Analyst · Climent Molins of Value Investor's Edge. Please go ahead

I think the rate that we have there is close to what is on the MRs, but it's for a very small portion. As you point to, it is rather position when we only have 2 units. So I think at the end of the day, over time, our freight rates will average out over several quarters, whereas if you have a bigger pool of vessels, like, for instance, what we have in MRs, you will see that averaging up taking place within the quarter itself. So I think it's just a coincidence.

Operator

Operator

There are no further questions from the telephone lines.

Morten Agdrup

Analyst

Okay.
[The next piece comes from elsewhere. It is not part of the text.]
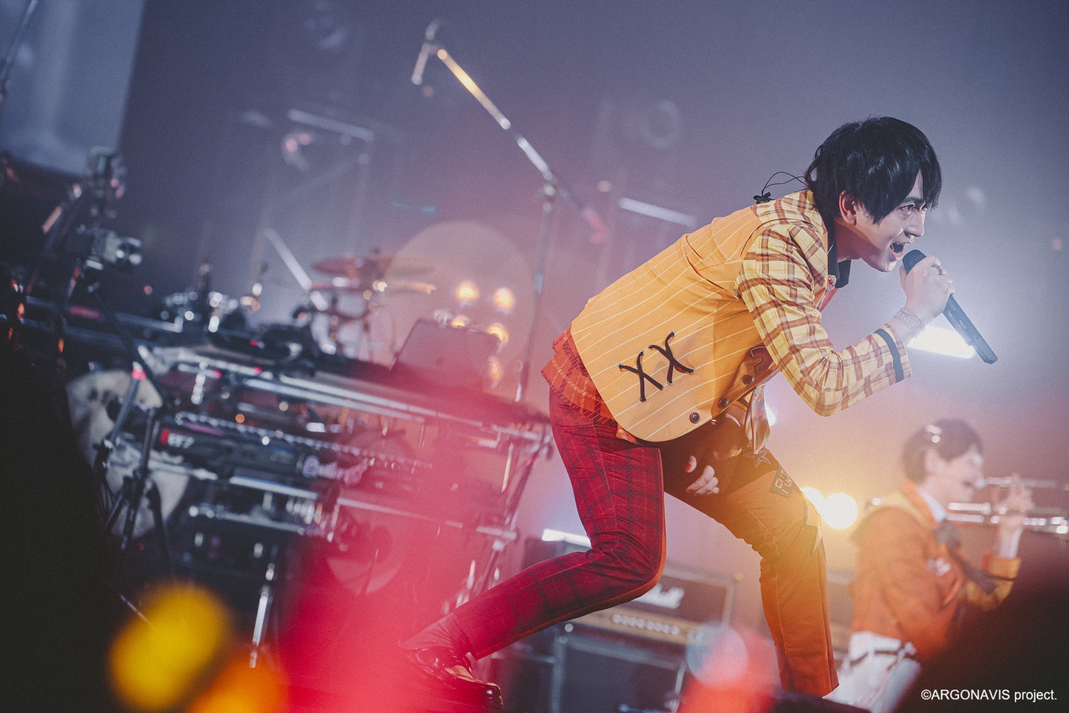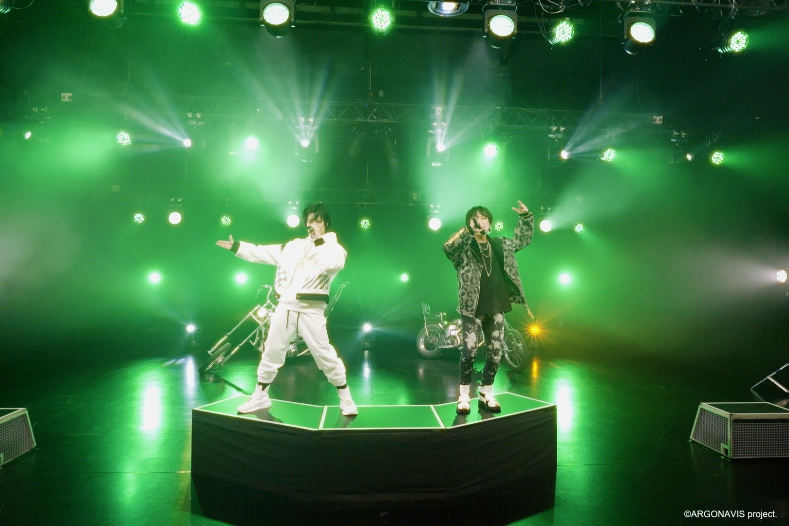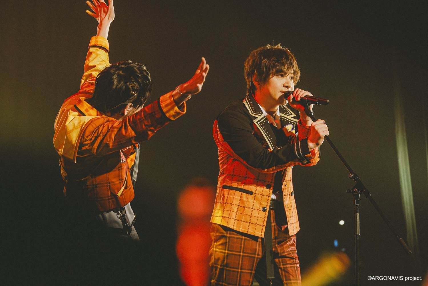 続く「絶叫フロンティア」は、攻撃力高めなロックナンバーだ。エフェクトのかかった天王寺のボーカルと、聴き惚れるしかない淀川のボーカルに圧倒される。歌い終えた天王寺が「楽しんどるか~?」と声を上げ、淀川が「今日をずっと楽しみにしてたよ」と伝える。続けて自分たちのこれまでを振り返り、観客に向けて「どんな壁にぶつかっても、俺たちや俺たちの歌が、必ずみんなのそばにいることを忘れないでほしい」と告げた。一方の天王寺は、「せやで! 俺らと一緒にデカい一歩、踏み出そうや。必要やったら、お前らの前走って引っ張ってくからな」と観客を勇気づけた。
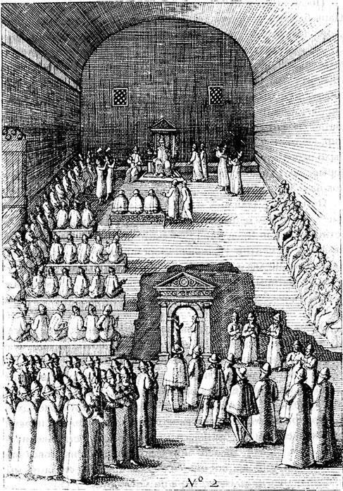 Прием посольства Я. Ульфельдта Иваном VI. Гравюра XVII в.

We have two questions from the web. One question relates to the benefits of our public listing. Kim, would you elaborate on that?

Kim Balle

Analyst

Yes, I can take that one. Being listed has that several advantages. But the primary advantage is, of course, the ability - the opportunity to raise equity to raise capital in a public market. So that is one of the primary function. And secondly, it also provides the opportunity to issue new shares as a currency when making M&A transactions. And on top of that, being listed requires an extreme sense of transparency, a high degree of communication and extremely strong governance and hence, also a strong control framework. So when you add all that up, in the end, that will give an insurance for all stakeholders broadly that we are living up to an utmost effort on all these accounts. So I think both are extremely valuable by being a listed company. So no, we have no intention as such of delisting our company. We are very happy to be listed.

Morten Agdrup

Analyst

Thank you. And we have a second and last question around our view on M&A and consolidation. Jacob, would you elaborate?

Jacob Meldgaard

Analyst · SEB. Please go ahead

Yes, please. Well, we're always open for the dialogue. I will say what we would be looking for is, obviously, that there is a commercial fit with a partner. We would be looking that to whether it creates additional value to our shareholders. And if these themes are in line, we are always open for discussions.

Morten Agdrup

Analyst

Okay. Thank you.

Jacob Meldgaard

Analyst · SEB. Please go ahead

There are no further questions from the web. So this concludes the earnings conference. Thank you all for dialing in. Have a good day.

Operator

Operator

Thank you, sir. Ladies and gentlemen, that does conclude your webcast for today. Thank you for participating, and you may now all disconnect.